Thanks!  This was helpful.  I'll engage below:

On 01/13/2018 04:45 PM, Olaf Klinke wrote:
> Long story short: You can stay inside Haskell's type system or extend it, but you end up with monads either way. I'll explain why.
I might see what you mean about ending up with monads either way.
Specifically, I think its important to separate random distributions
from their random samples, which might correspond (in a Random-like
monad) to the difference between an action and performing the action.
Is this something like what you are saying?  I think there may still be
some extra value to the type system I mentioned in performing CSE
(common sub-expression elimination) safely.

>
>> (a) why are monads a perfect solution to my problem?
> Two reasons. First: Probability distributions do form a monad [Giry,CS,Kock]. It's a mathematical fact. So why not exploit it? It gives you powerful combinators and powerful abstractions.
They certainly do.  I've written a haskell interpreter, and my
definitions for a (very hacky) Random monad are here, with two different
interpreters for it (sample and sample') below:

https://github.com/bredelings/BAli-Phy/blob/9c96374013453fe382e609cca357a2c0f3f154b2/modules/Distributions.hs#L14

I'm currently exploiting the monadic structure.  For example, given a
distribution dist, I basically use 'sequence (replicate n dist)' to
sample n i.i.d. values from it.  So, to some extent I could see the fact
that Monads provide a 'sequence' function as a benefit.  In the
framework I proposed we would have to write 'map sample (replicate n
dist)', which does not seem very burdensome though.

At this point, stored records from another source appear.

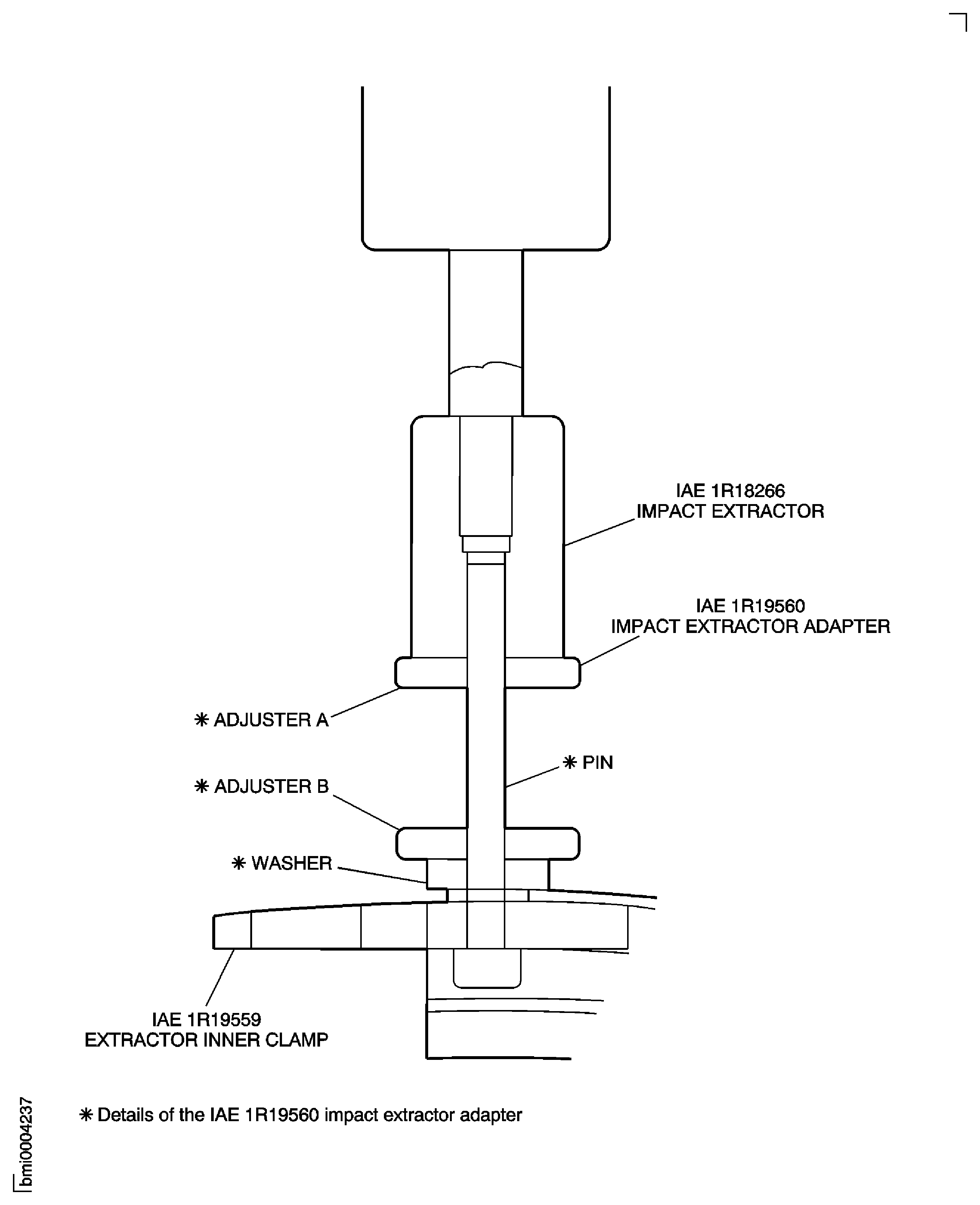 Use IAE 1R19560 Impact extractor adapter 1 off to remove the 50 stage 4 stator vane outer bushes.
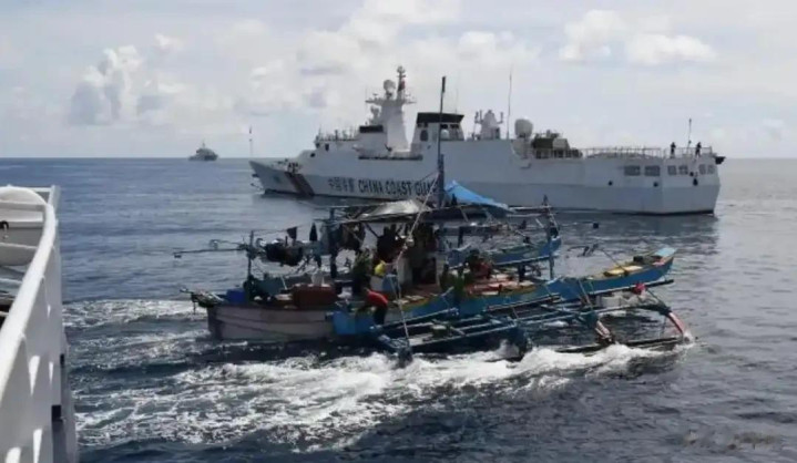 菲方船只无预警闯入中方要点海域,搅拌现场场地。
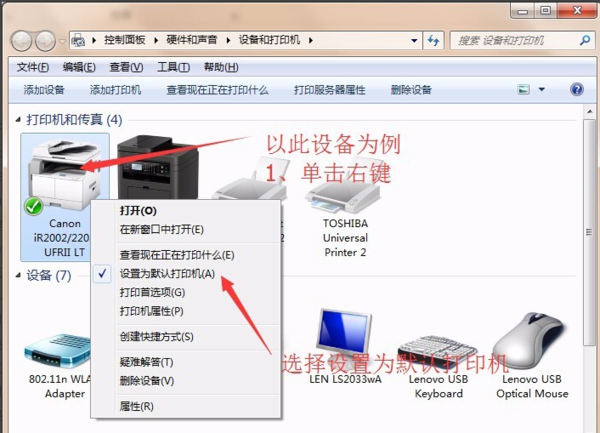 3、设置系统默认打印设备、在开始菜单右边点击【设备和打印机】,选择要批量打印文档的默认打印设备并设为默认打印机。
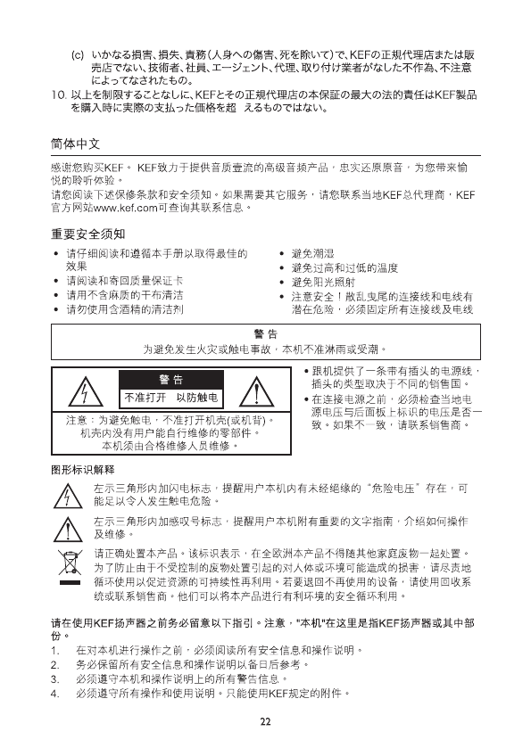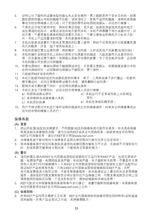 15.修理について。お客さまご自身での修理はしないでください。全ての修理はKEF製品を修理
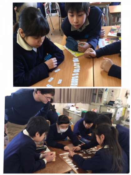 日本語文を見て、英単語を並べかえるのですが、かなり苦戦していました。
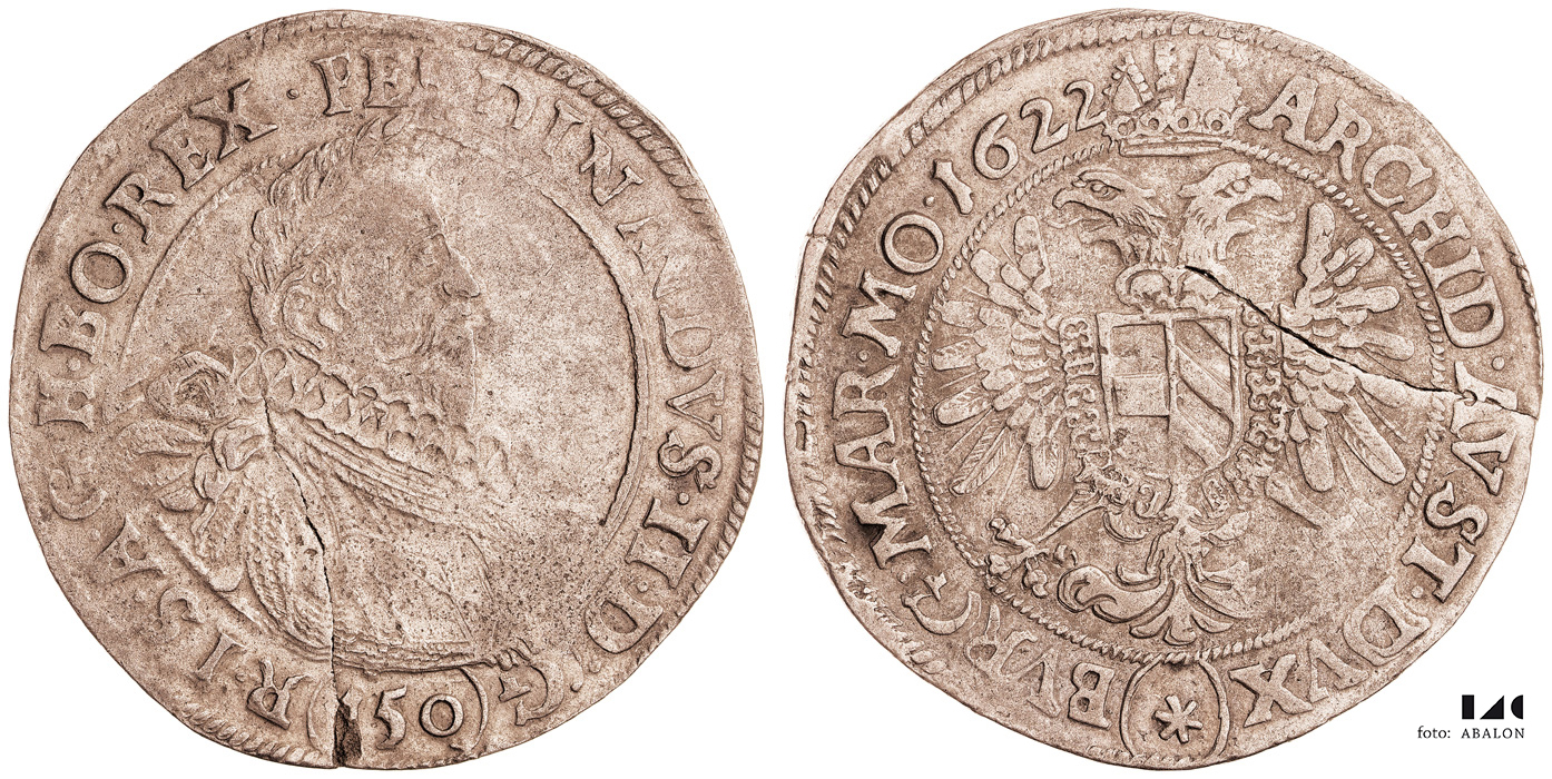 Tolar (150 krejcar) 1622, Kutná Hora, Hölzl, 25,31 g, Hal. 769, naprasklý
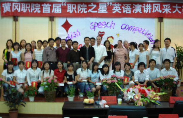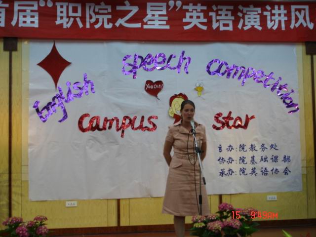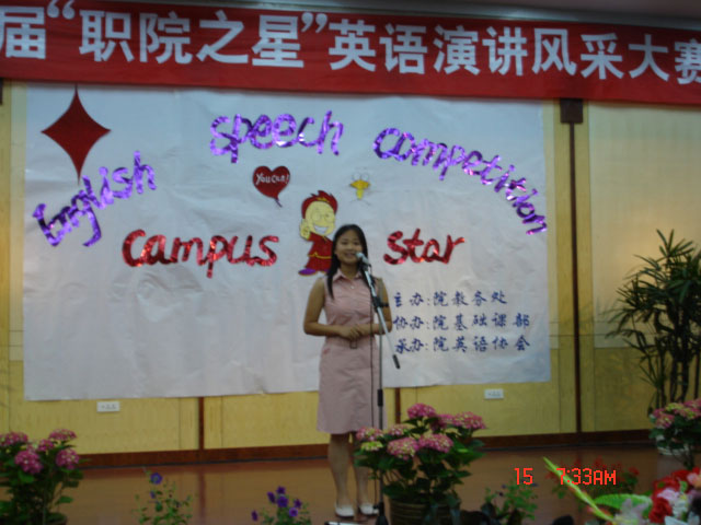 5月15日晚,taptap点点首届“职院之星”英语演讲风采大赛决赛在taptap点点学术报告厅隆重举行。副院长李家瑞同志应邀来到了比赛现场。院教务处李雪早、金为民两位处长、基础课部李卫光主任、各系团总支书记、学管主任以及四位外教Gary、Susan、Atticus和Kerry、英语教研室的十一位老师、院英语协会的成员、各社团的代表以及各系学生代表约200多人共同参加了本次活动。

The fact that you have to run these distributions inside of an
interpreter also makes some things easy that would be difficult to do
otherwise, since the interpreter (a) can carry around modifiable state
and (b) creates a call stack, like in call-by-value languages.  In
contrast if you say something like "let {x = normal 0 1 ()} in x*x",
then it doesn't really have a call chain, since the thunk for x can get
forced from multiple different contexts that were not responsible for
the allocation of the thunk on the heap. Instead it seems that each heap
location has a let-allocation chain, but without any intepreter state
threaded through the chain.  Does that make sense?  Is there any
literature on the let-allocation chain?  It seems like this would come
up during debugging.

Despite all this, it still seems to me that there might be reasons not
to "exploit" the monadic structure of probability distributions, at
least not in the traditional fashion.  See below.
> Second: Because the requirements on the type modificators [N] and [D] are describing many features monads have. First observe that you don't really need [D] because any deterministic computation can be embedded into the non-deterministic computations by making the set of possibilities a singleton. That is precisely what 'return' does in the context of monads. (Think of return for the list monad.)
>> any function that takes a non-deterministic input must have a non-deterministic output.
> That is common with monads, too: There is no generic function that can extract values out of monads.
Hmm.... one reason I'm hesitant to "exploit" the monadic structure of
Random is that I don't want to have the [D] values outside the monad and
[N] values inside it.  The need to use a function like "return" to lift
and the need to run [N] terms in an interpreter to un-lift values of the
monad seems to be more of an obstruction than a benefit.  It means that
you can't do things that you could do with normal haskell functions.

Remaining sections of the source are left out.